Analysis of cis-acting elements required for replication of barley stripe mosaic virus RNAs

Abstract

The replicative abilities of mutant RNA transcripts derived from barley stripe mosaic virus cDNA clones were investigated in barley protoplasts that had been coinoculated with wild-type RNAα and -γ transcripts. The 5' and 3' noncoding regions were required for replication, and lack of a 5' cap structure (GpppG) reduced the replicative ability substantially. All internal deletions within RNAα abrogated replication in trans. A 2-base change that produced a truncated αa protein lacking the first 16 amino acids also compromised the ability of RNAα to be replicated.

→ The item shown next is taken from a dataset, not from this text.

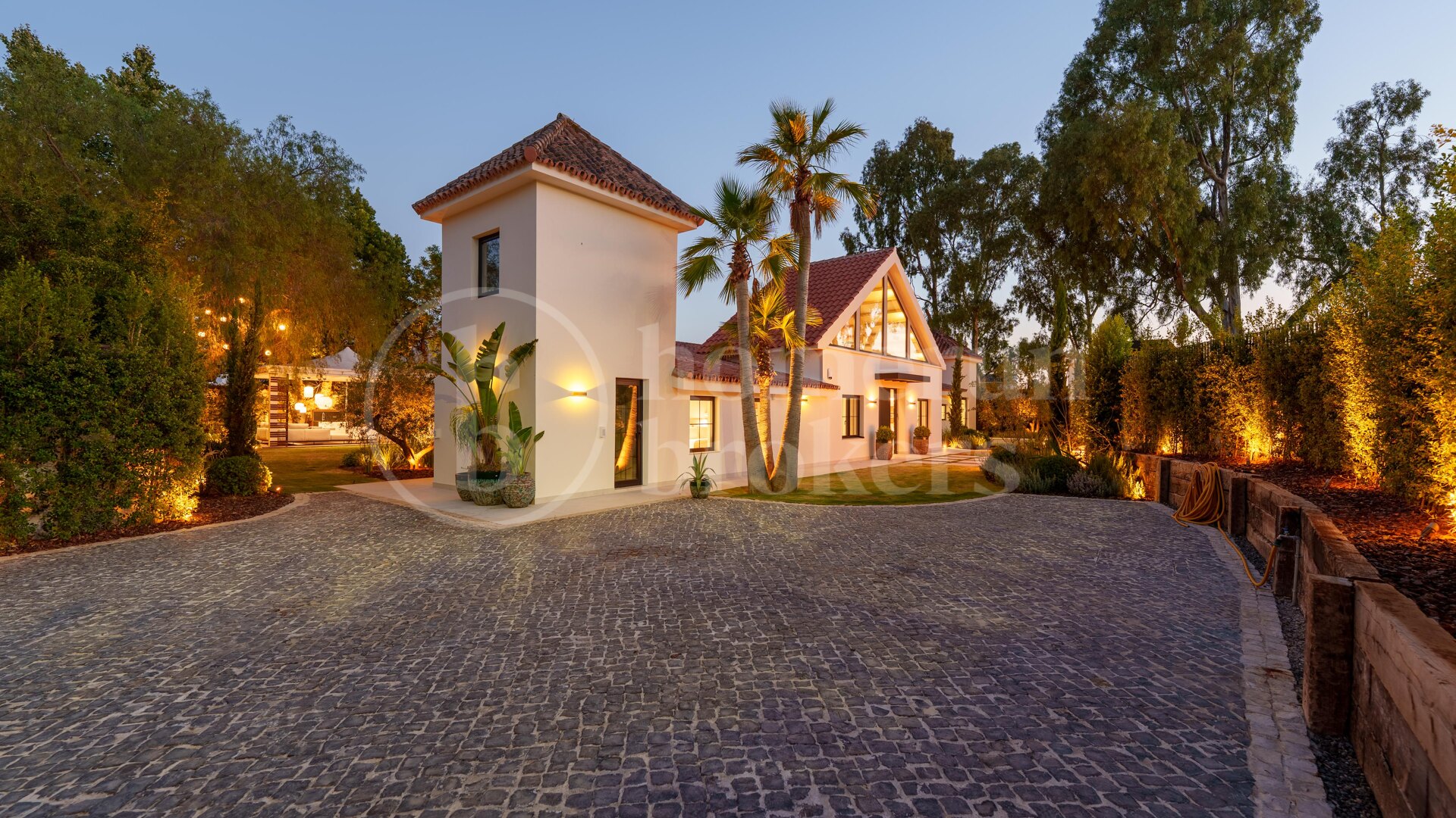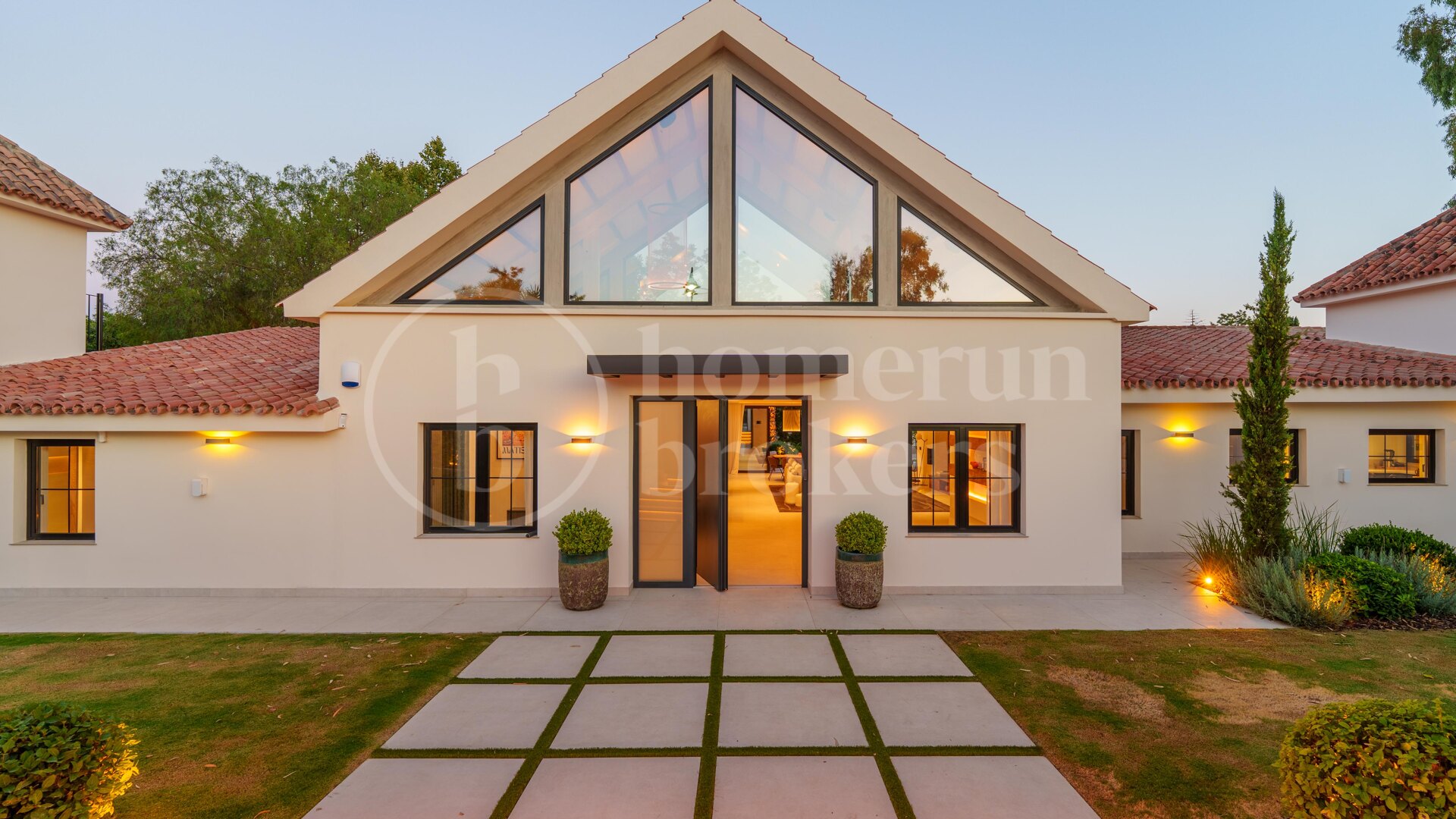 Det smarta hemsystemet gör det möjligt att styra ljus, klimat, ventilation och gardiner direkt via mobil eller surfplatta. Andra exklusiva detaljer inkluderar golvvärme, säkerhetssystem, eldstad, förvaringsrum samt en uppfart klädd i portugisisk sten.

In contrast, RNAβ transcripts containing deletions involving each ORF and the downstream poly(A) tract were effectively amplified by RNAs α and γ, but collective deletion of all four ORFs drastically reduced accumulation. The intergenic region between βa and βb was not absolutely required for replication, but small deletions within this region reduced the abundance of RNAβ by at least 10-fold. Deletions within the first 507 nt of the γa ORF abrogated replication. However, transcripts containing deletions within the central and 3' regions of the γa ORF, the γa-γb intergenic region, and the γb ORF could be amplified in trans. Two mutants containing extensive deletions encompassing the central region of the γa ORF and most of γb behaved like defective interfering RNAs because they multiplied to high levels in trans and caused a pronounced reduction in accumulation of the coinoculated wild-type RNAs α and γ.